The Fund for Peace is pleased to present the ninth edition of our Index which rates 178 countries based on their susceptibility to destabilization.
But before we talk more deeply about the index or our findings, it is important to be clear on what we mean when we talk about state failure.
State failure, or state collapse as some refer to it, constitutes: the state’s loss of control of its territory, or that the state no longer has a monopoly on the legitimate use of physical force within its borders; the erosion of the state’s legitimate authority to make collective decisions; the inability of the state to provide adequate public services; and the state’s inability to interact with other states as a full member of the international community.
In essence, a failed nation is characterized by social, political, and/or economic failure.
So why do failed states matter?
No state is an island. Well, obviously some states are literally islands, but geopolitically, every nation is interconnected, such that the pressures on one state can have serious effects not only at home, but abroad as well.
State failure matters to the individual state for fairly obvious reasons. State failure can lead to poverty, famine and insecurity for its population, and very likely, internal conflict and strife.
But state failure also matters to other countries as well. State failure in one country can very easily place immense pressure on others –for example, the intense uptick in pressure experienced by Syria can have regional consequences on neighboring countries such as Lebanon. Indeed, the Arab Spring demonstrated how events can be transnational in nature, spreading from Tunisia to the Levant and the Western Sahel. Or even for a country like the United States, it can face significant risk of terrorist attack from groups operating unfettered in regions on the other side of the world with little state control.

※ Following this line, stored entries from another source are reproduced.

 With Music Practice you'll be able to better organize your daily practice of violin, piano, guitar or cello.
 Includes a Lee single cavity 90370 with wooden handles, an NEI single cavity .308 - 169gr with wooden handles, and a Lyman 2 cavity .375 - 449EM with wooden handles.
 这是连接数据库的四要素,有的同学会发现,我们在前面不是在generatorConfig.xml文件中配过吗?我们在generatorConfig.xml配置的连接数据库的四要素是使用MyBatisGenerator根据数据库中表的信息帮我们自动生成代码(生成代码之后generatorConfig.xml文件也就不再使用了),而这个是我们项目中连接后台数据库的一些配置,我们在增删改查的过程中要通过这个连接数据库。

It is easy to talk about failed states in the abstract, but much harder to actually apply that definition to a country. The term “failed state” is frequently thrown around a little too loosely and more often than not without justification. And so it is important to find a way to quantify susceptibility to state failure.
In order to do just that, about 15 years ago, under the leadership of Dr. Pauline Baker, the Fund for Peace developed the CAST framework for conflict assessment. The CAST framework assesses internal pressures upon a state – or even a region or a province – based on twelve social, economic and political indicators. Under these 12 indicators are over 130 sub-indicators – In many ways, the Failed States Index is actually 12 separate indices.

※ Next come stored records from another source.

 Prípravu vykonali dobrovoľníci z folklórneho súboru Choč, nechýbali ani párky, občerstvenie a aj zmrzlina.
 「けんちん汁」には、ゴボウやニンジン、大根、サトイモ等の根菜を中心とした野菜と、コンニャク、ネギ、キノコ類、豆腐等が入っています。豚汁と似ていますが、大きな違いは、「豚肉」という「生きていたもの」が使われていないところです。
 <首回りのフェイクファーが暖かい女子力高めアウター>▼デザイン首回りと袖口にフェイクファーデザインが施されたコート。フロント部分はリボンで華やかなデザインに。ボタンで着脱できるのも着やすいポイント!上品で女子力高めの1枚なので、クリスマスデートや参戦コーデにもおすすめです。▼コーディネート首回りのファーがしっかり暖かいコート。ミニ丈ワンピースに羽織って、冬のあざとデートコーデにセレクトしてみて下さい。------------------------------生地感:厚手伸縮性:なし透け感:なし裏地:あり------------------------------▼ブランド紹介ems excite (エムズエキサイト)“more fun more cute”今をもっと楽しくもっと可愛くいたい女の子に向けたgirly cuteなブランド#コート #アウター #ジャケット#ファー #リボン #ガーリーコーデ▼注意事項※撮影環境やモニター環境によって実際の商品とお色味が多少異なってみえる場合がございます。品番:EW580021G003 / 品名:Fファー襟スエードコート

About ten years ago, The Fund for Peace started work to automate parts of what was a laborious undertaking for our analysts. Recognizing that there was a huge gap in quantitative data, we created our own content analysis methodology to fill the data gap.
This year, we examined 41,060,211 articles using our highly specialized search parameters to generate the raw scores that represent the salience – or significance – of each of the pressures upon a given country.
The content analysis data we create and use in the FSI gets arguably the most attention. But it is only one methodology we employ. We actually employ several different methodologies and different data types. We also use existing quantitative data, like economic and demographic statistics. And we bring in qualitative review. Each country is assessed by an analyst to determine how the 12 indicators have trended in the past year.
Recognizing the inherent weaknesses and biases that exist in each of these methodologies, we then triangulate them to determine the indicator scores. In this way, we hope to have taken advantage of the strengths of each methodology to produce the most accurate scores possible.
It is The Fund for Peace’s position that no state is ever failed, permanently. The term “failed” implies a finality that we would not give to any country – even for Somalia, which one could argue, at this time, demonstrates many aspects of failure on such a country-wide basis. Indeed, Somalia managed to improve in the past year, helping to demonstrate that when we talk of state failure or state fragility, we should do so in a temporal sense – no country need remain failed, and will may worst find itself in a phase of state failure.
The Failed States Index looks at countries on a continuum of state failure – each with their own characteristics. Importantly, the Index does not designate state failure. It simply rates the susceptibility to failure and collapse.
Nevertheless, quantifying the signs of state failure is critical in being able to identify and address current or pending crises. The Failed States Index is informative in quantifying the pressures upon states relative to each other, and for states that score poorly, it can be crucial in bringing attention to countries that do not otherwise enjoy much attention.
Almost all of us probably knew before today that Somalia is in bad shape, irrespective of having seen its ranking on the Failed States Index. But can the same be said for a country like the Central African Republic, ranked 9th. Or Guinea Bissau, at 15th? We believe that the ranking of the Failed States Index is able to draw attention to countries that face significant challenges.
Though we are confident in the objectivity and accuracy of the Failed States Index, the results should nevertheless be understood in context.
The Failed States Index is in many ways an average.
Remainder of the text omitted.